More than 94 percent of the votes backed the new constitution, which will see sweeping executive powers given to the president and the removal of key checks and balances, including weakening the influence of the country’s parliament and judiciary. …
For several years after the 2011 uprisings, Tunisia was hailed as the only democracy to emerge from the Arab Spring. But the new constitution threatens to unravel the democratic gains in a country now deeply polarised over President Kais Saied’s greatly expanded powers. …

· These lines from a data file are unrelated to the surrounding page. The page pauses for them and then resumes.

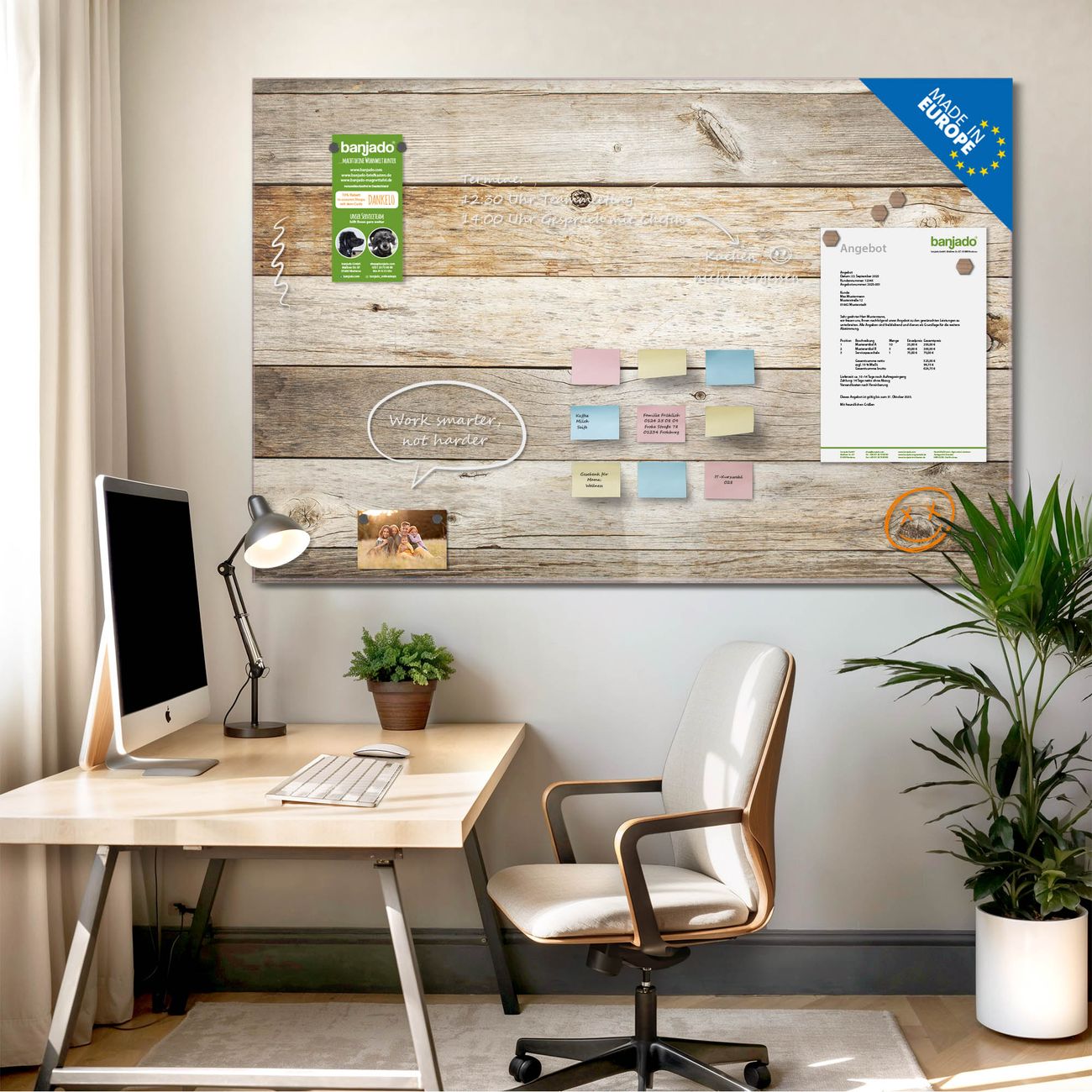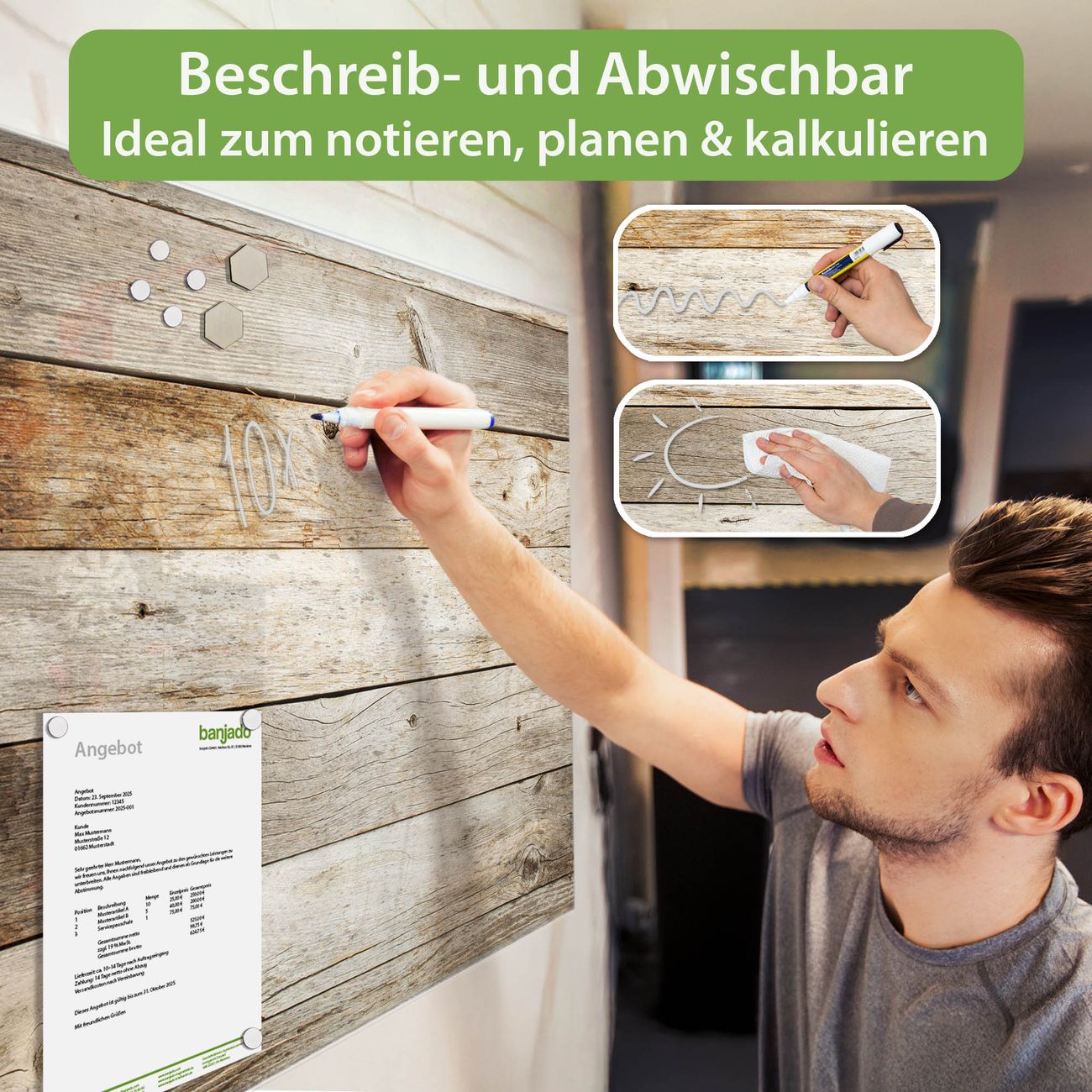 Jede Glas Magnettafel wird in unserer Werkstatt von Hand gefertigt und sorgfältig geprüft. So erhalten Sie ein echtes Qualitätsprodukt, das Funktion und Ästhetik perfekt vereint.?? Warum banjado?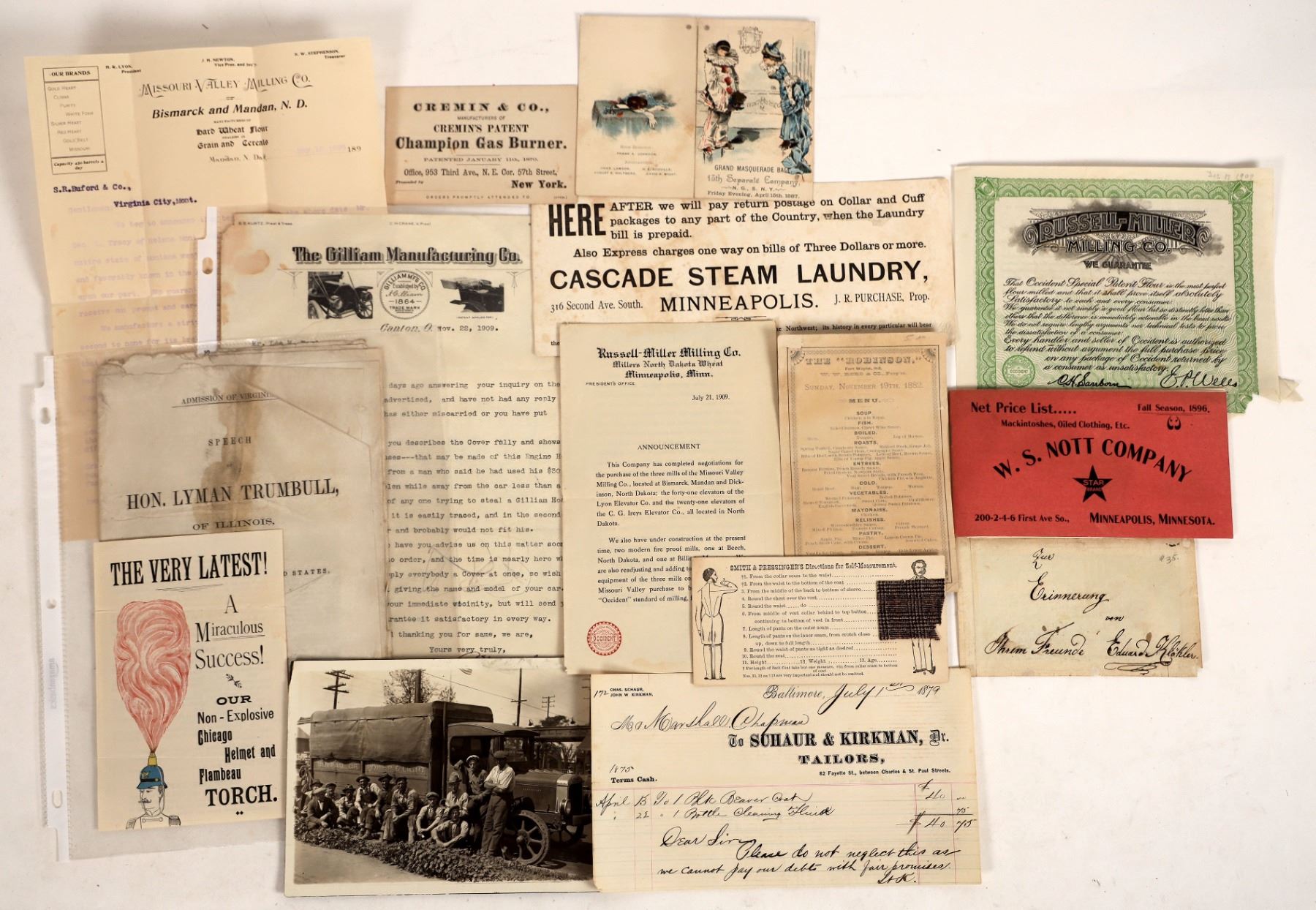 1896 W S Nott ladies garment catalog, 5x7" workers and truck photo, several tradecards, 1899 Missouri Valley Milling letterhead, billhead, 1909 milling announcement, Flambeau Torch color advertisement, 1909 pictorial Gilliam Manufacturing letter head-left edge damage and stain, 1870 Lyman Trumbell of Illinois admission of Virginia speech-stain and creases.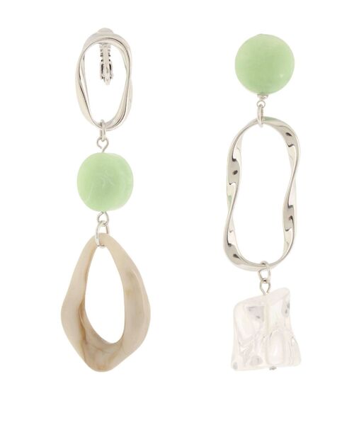 マーブル調のアクリルとメタル、クリアで石のような変形パーツを組み合わせたイヤリング。アシンメトリーでキャッチーなデザインです。少し大きめなパーツがカジュアルなコーディネートにぴったり◎
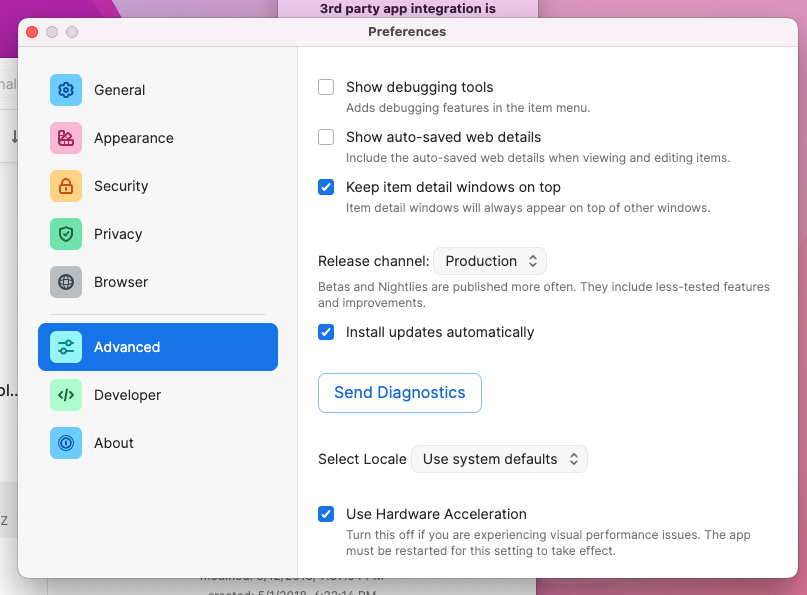 When I start 1Password I get a message about third party integration (screenshot below) but the option to allow this is not present in the place suggested (screenshot below).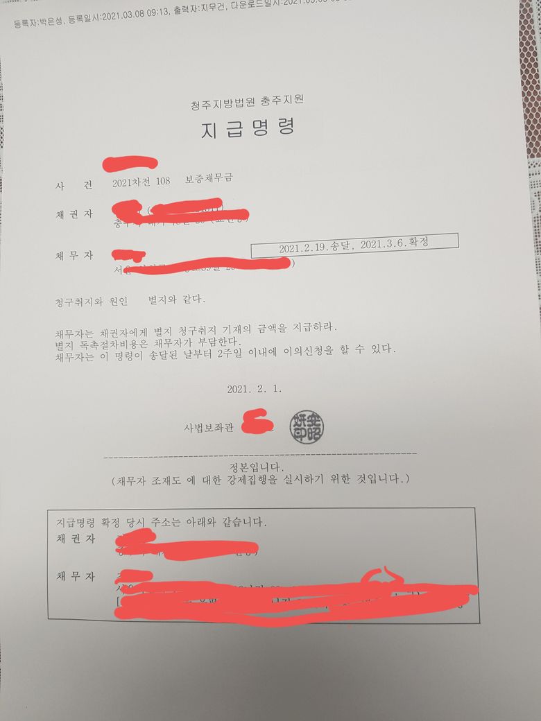 지급명령정본 결정후 어디서 어떻게 무엇을 해야하는지 궁금합니다.
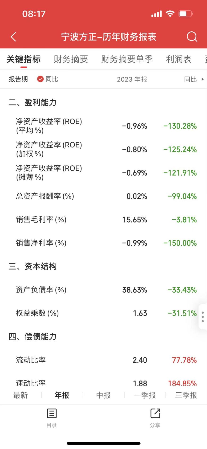 2023年,宁波方正实现归属于上市公司股东的净利润为-907.42万元,同比下降151.42%,其中,实现归属于上市公司股东的扣除非经常性损益后的净利润为-2041.96万元,同比下降 328.08%。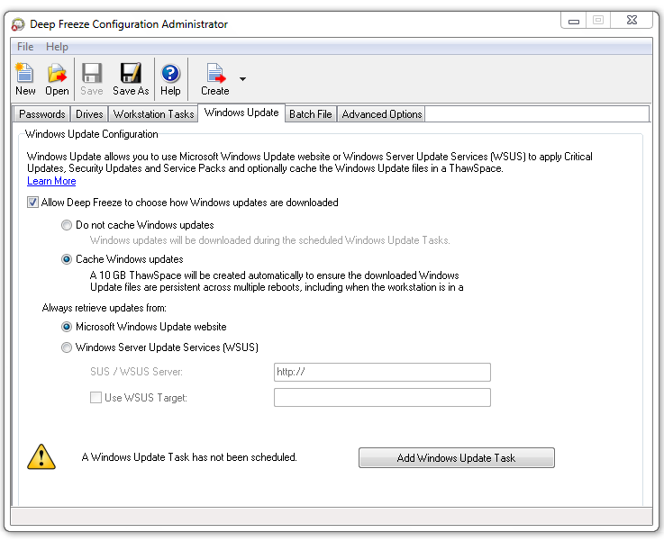 — Cache Windows updates —select this option to download when the workstation is in a Frozen or Thawed state and install during the Windows Update Task. This option creates a 10 GB ThawSpace (for version 8.35 or higher) and the Windows Updates are stored in the ThawSpace to ensure that Windows Update files are persistent across multiple reboots.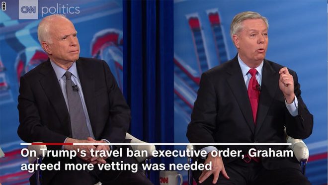 انتقد السيناتوران الجمهوريان، ليندسي غراهام وجون ماكين، سياسة الرئيس الأمريكي الجديد، دونالد ترامب فيما يتعلق بملفات كالعراق وسوريا وموقفه من عملية اليمن.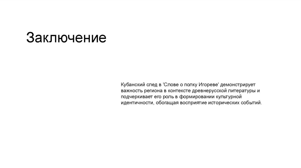 ЗаключениеКубанский след в 'Слове о полку Игореве' демонстрирует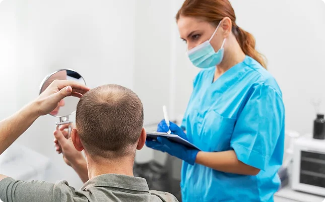 Structured aftercare and monitored progress as new hair growth develops over the following months.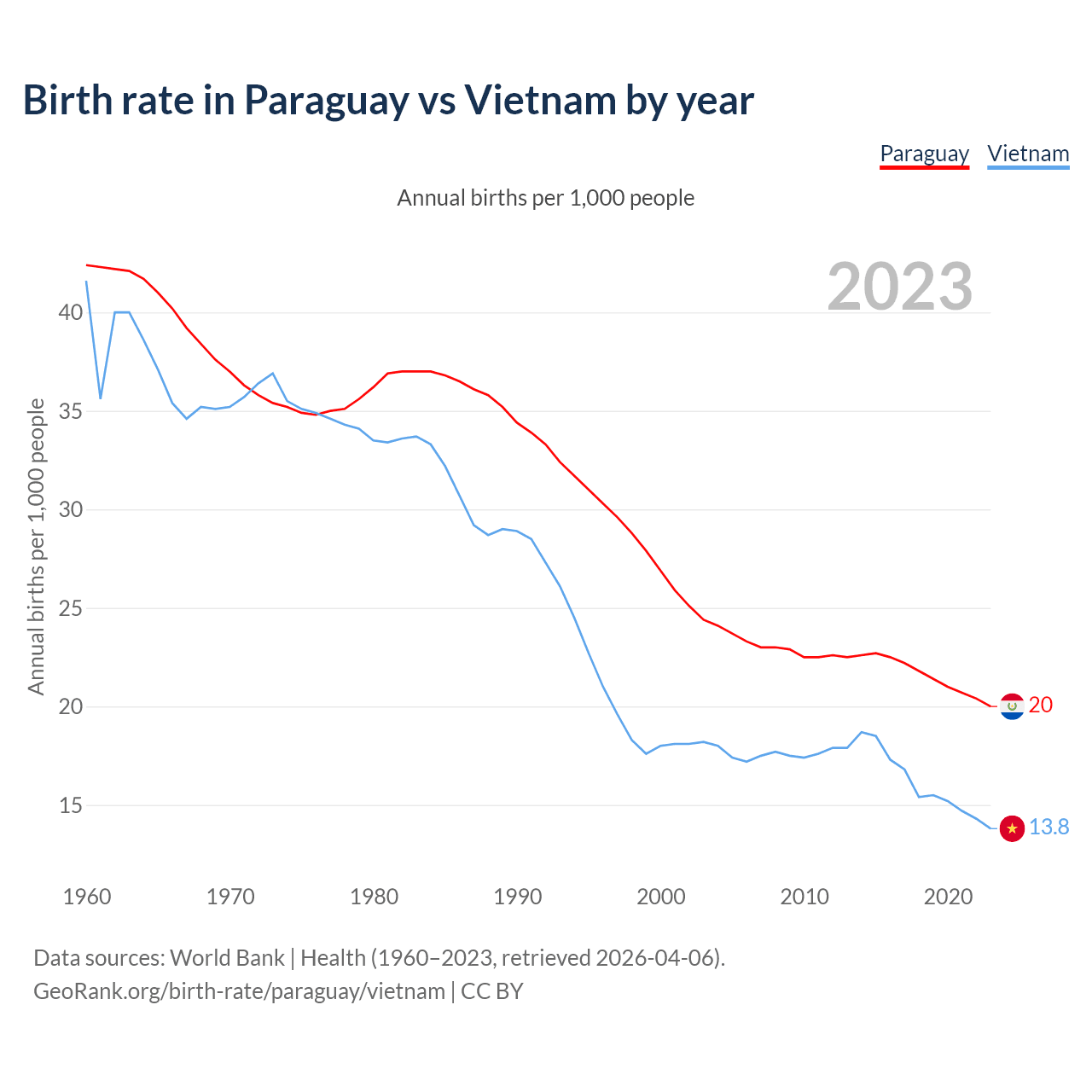 Paraguay has an annual birth rate of 20 births per 1,000 people, compared to 13.8 for Vietnam. The average number of children a woman is expected to have during her lifetime — the fertility rate, is 2.42 in Paraguay and 1.91 in Vietnam — 21% difference.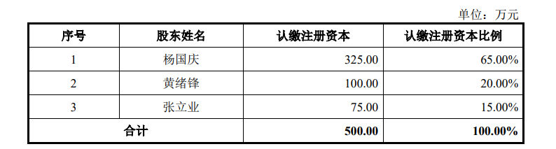 2016年5月,杨国庆、黄绪锋、张立业签署《青岛沃隆食品有限公司章程》,约定公司注册资本为 500万元,杨国庆、黄绪锋、张立业分别认缴出资 325万、100万、75万。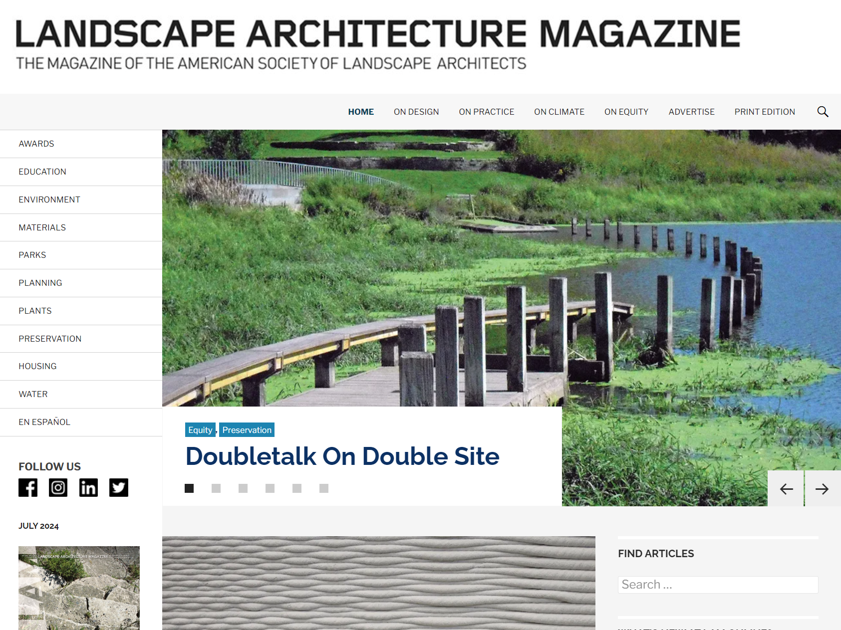 Landscape Architecture Magazine founded in 1910 is the official publication of the American Society of Landscape Architects. It provides comprehensive coverage of landscape architecture and environmental design.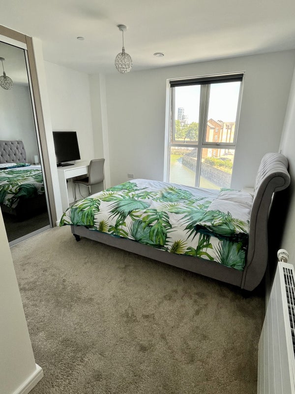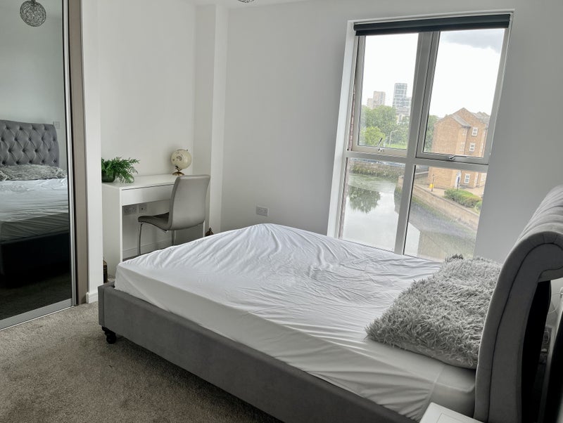 Available to rent in a spacious, modern two-bed two-bathroom flat with shared kitchen, open plan dining area/living room and a balcony. Quiet river-side flat, no traffic noise! Lovely river views from all rooms. Landscaped garden for residents only right below the flat.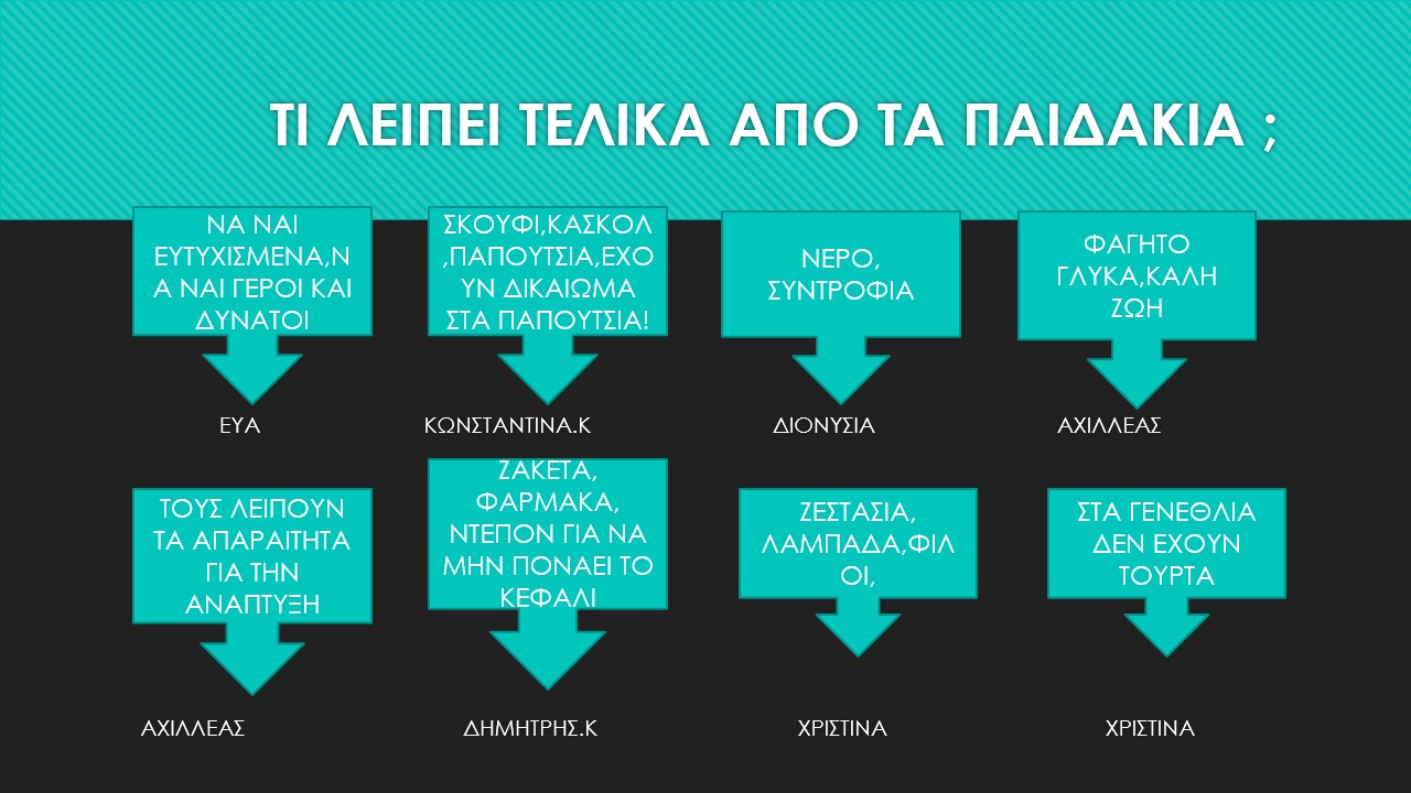 Στη συνέχεια τα παιδιά αποτύπωσαν με την ζωγραφική τις ανάγκες. με το ερώτημα: ”Τι θα έδινες σε αυτά τα παιδάκια;”
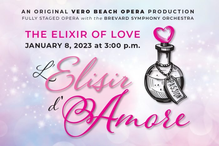 Vero Beach Opera will present an original production of Donizetti’s L’Elisir d’Amore (The Elixir of Love), with stage direction by Vero Beach Opera Artistic Director Russell Franks. Maestro Christopher Confessore will conduct the Brevard Symphony Orchestra. Costumes will come in from Norcostco Costume Co., and sets from Stivanello Costume Company, Inc.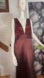 This stunning burgundy evening gown features a deep V-neckline and a fitted silhouette, perfect for formal occasions. The rich color adds a touch of sophistication to your wardrobe.

‘We are perhaps witnessing the birth of a new dictator…,’ Nabil Guassoumi, a teacher in Kasserine, situated around 300 km from Tunis, told FRANCE 24.
(France24, July 27, 2022)
Why Tunisians, why?
The reasons for their march back to the future abound. In fact, Tunisians are blaming everything from the Covid-19 pandemic to the food insecurity Russia caused by blockading grain exports as part of its genocidal war against Ukraine.
But I see no point in commenting on the manifest absurdity in voting for autocracy to ease the birthing pains of democracy…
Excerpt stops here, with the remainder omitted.